Lily wasn’t a superhero; she was a woman doing the best she could in a world that was in shambles. She lost her husband in the middle of WWII, hid her wine from the “Wine Führer,” and gathered her nieces and nephews to keep the legacy afloat because she had no children of her own.

Even her most “extraordinary” feats—like sailing the Queen Elizabeth to forge an American market—were born of necessity. She spent two months wining and dining New York society because the legacy handed to her was fragile, and she refused to let it break. We understand that pressure; the weight of being the one everyone else relies on to keep the lights on and the family together.

The Bond Connection

One of the most delightful parts of Lily’s later life was her relationship with the world of 007. To the world, it looked like a brilliant marketing stroke. To Lily, it was personal. She was a woman who understood adventure and the high stakes of survival. When she was wining and dining movie stars, she wasn’t just a CEO; she was a woman who had lived through the real-life espionage of occupied France. She recognized in Bond the same audacity she had to summon to keep her winery from being plundered. By connecting her “extraordinary” business success to her “ordinary” love of a good story and a sharp wit, she becomes someone we’d want to share a bottle with.

How We Do It

We use description to make the reader feel the weight of a Nazi rifle or the sparkle of a vintage flute. But we use recognition to reach the heart. We look for the universal threads: the clenched fist of grief, the cold certainty of purpose, and the drive to stay relevant in a changing world.
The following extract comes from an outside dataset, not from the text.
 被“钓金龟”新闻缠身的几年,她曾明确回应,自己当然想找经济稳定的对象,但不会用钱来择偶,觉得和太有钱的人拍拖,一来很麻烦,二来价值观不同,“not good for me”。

“Extraordinary” isn’t a distant peak. It is what happens when an ordinary woman—like you, your mother, or your best friend—refuses to give up when the world becomes impossible. I wrote License to Thrill to understand how a woman moves from a muddy field to a James Bond gala with her soul intact. The secret wasn’t in the bubbles; it was in the woman who made them.

Many thanks, Rebecca for sharing some of the techniques you use to make this remarkable woman ‘fizz and sparkle’ just like the champagne she was famous for.
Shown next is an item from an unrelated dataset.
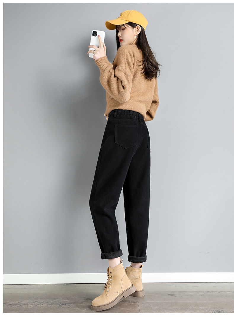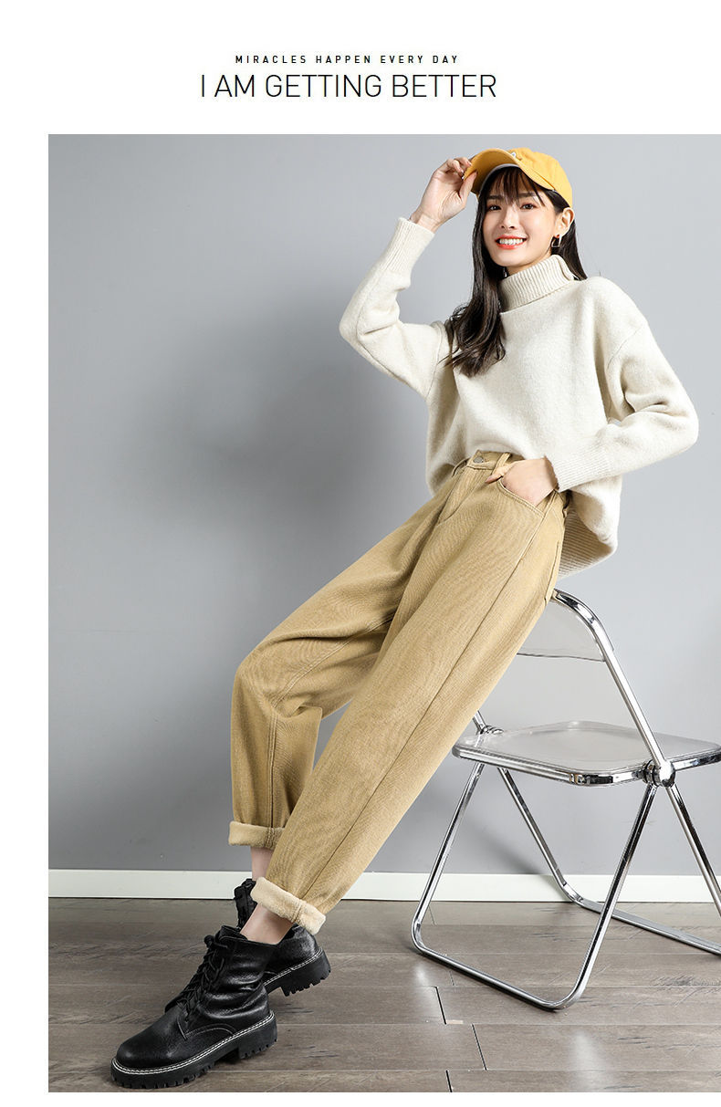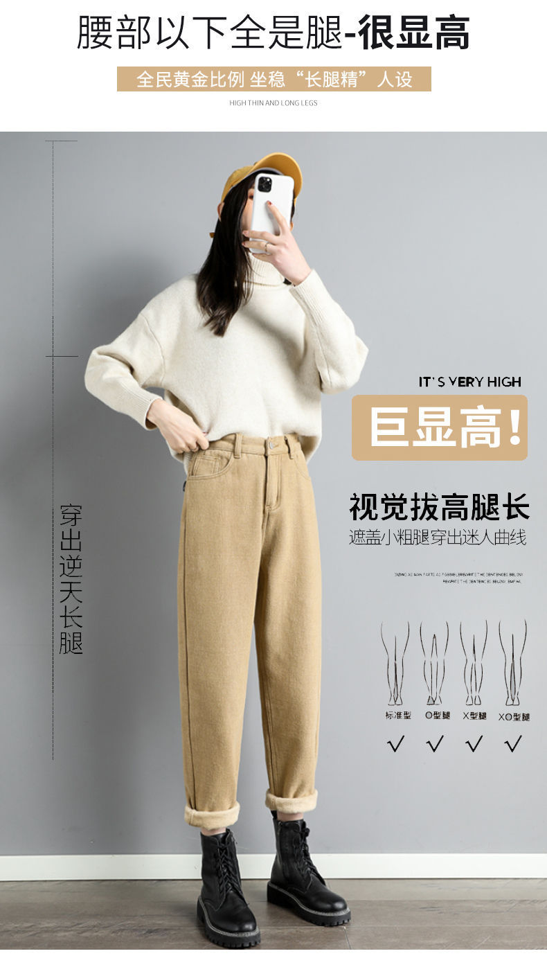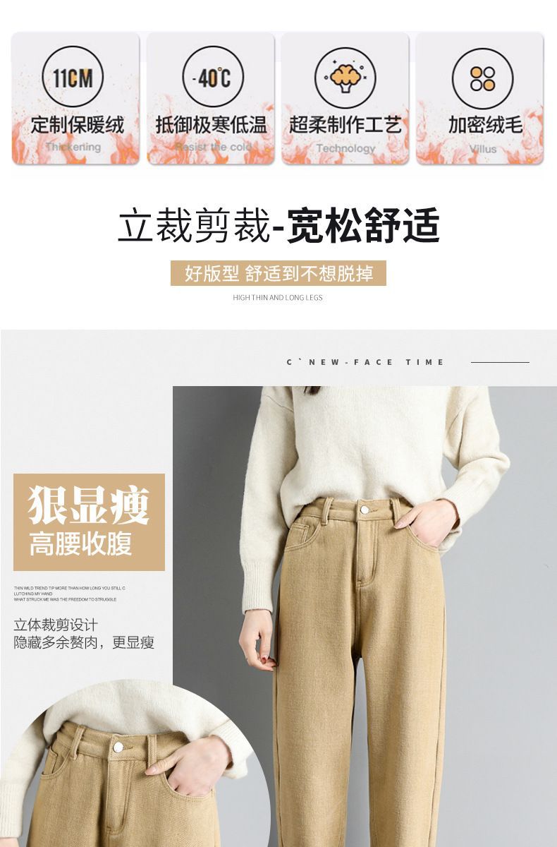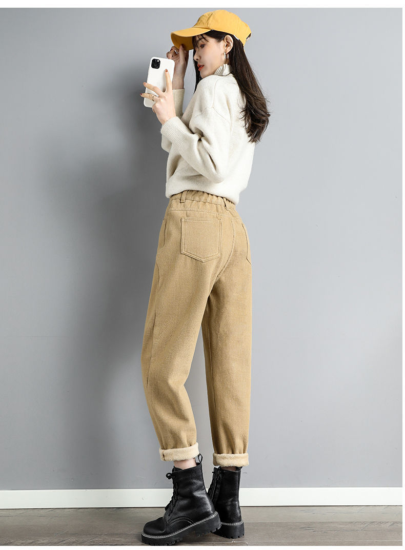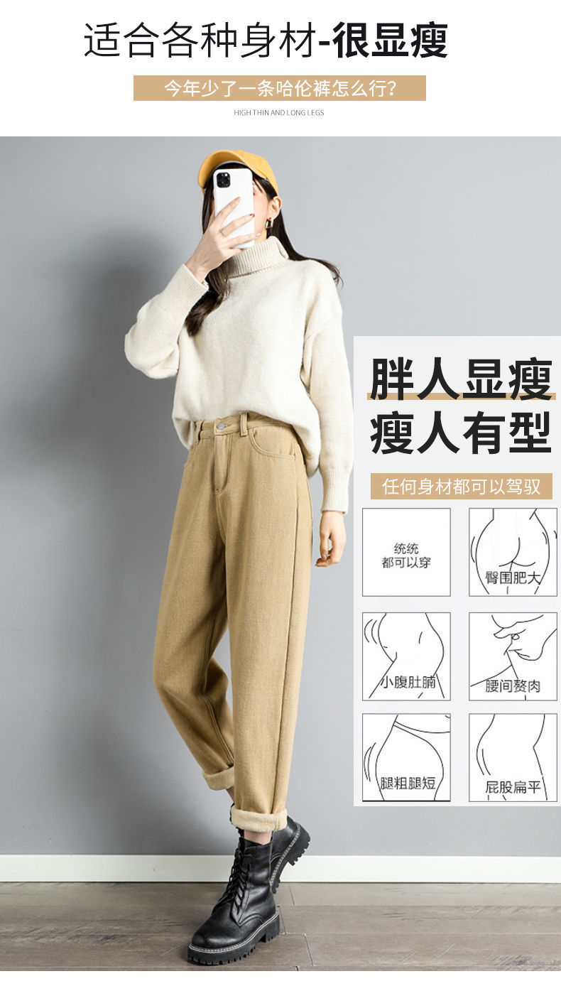 白色加绒牛仔裤,高腰宽松羊羔绒哈伦老爹裤MC-哈伦裤

License to Thrill by Rebecca Rosenberg

The Nazis wanted her champagne. The critics wanted her erased. Lily Bollinger refused to surrender.

1940: In occupied France, the Bollinger cellars are a battlefield. Newly widowed Lily must host the Nazi Weinführer while Resistance fighters hide in the chalk tunnels directly beneath her feet. To protect her legacy, Lily becomes a master of deception—outwitting the Reich by day and defying them by night, bound by a dangerous secret and a mysterious lover known as the Commodore.

1970: Lily reigns as the undisputed “Dame of Champagne,” but the new decade brings new enemies. From triumphant tours of America to high-stakes court battles in London, she has conquered the world—yet her own house is under siege. As feuding nephews tear at the empire from within and a venomous critic dismisses her as a relic, Lily makes her move.
In her most audacious gamble, Lily forges an unbreakable bond between Bollinger and the world’s most sophisticated spy: James Bond.

As her seventy-fifth birthday looms, Lily executes one final maneuver to secure her empire. But when her rarest vintage is uncorked, a long-buried truth resurfaces—proving her greatest achievement wasn’t just the wine she saved, but the secrets she kept.

Two eras. One legacy. A woman who proves the finest vintages are impossible to crush.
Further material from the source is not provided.